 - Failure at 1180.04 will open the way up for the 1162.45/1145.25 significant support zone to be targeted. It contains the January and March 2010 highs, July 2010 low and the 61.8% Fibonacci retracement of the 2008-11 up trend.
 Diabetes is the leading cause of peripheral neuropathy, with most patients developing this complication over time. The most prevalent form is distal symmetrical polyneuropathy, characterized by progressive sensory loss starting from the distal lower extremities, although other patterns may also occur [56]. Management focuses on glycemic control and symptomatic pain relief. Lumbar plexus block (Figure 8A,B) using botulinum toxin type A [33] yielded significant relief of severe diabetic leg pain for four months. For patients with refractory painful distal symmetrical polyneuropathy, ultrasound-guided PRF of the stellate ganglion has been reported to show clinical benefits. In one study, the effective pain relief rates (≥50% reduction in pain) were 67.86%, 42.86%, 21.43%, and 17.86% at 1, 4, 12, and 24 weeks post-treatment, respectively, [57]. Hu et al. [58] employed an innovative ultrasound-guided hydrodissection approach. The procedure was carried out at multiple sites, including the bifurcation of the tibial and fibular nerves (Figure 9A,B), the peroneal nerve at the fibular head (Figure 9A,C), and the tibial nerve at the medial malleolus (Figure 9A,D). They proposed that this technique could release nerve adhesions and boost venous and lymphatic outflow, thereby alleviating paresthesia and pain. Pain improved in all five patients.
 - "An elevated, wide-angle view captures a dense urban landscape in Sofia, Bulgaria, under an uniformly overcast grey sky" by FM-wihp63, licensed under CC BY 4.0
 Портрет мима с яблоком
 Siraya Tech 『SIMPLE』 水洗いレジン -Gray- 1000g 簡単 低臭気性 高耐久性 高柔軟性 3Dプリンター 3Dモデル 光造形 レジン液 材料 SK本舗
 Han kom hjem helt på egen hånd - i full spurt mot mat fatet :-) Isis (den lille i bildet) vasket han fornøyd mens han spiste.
_ _ _
TASK OBJECTIVE | Only exact copies of the lines from the one containing "Портрет мима с яблоком" to the end of the records belong in the answer.

SOLUTION TO THIS EXERCISE |
 Портрет мима с яблоком
 Siraya Tech 『SIMPLE』 水洗いレジン -Gray- 1000g 簡単 低臭気性 高耐久性 高柔軟性 3Dプリンター 3Dモデル 光造形 レジン液 材料 SK本舗
 Han kom hjem helt på egen hånd - i full spurt mot mat fatet :-) Isis (den lille i bildet) vasket han fornøyd mens han spiste.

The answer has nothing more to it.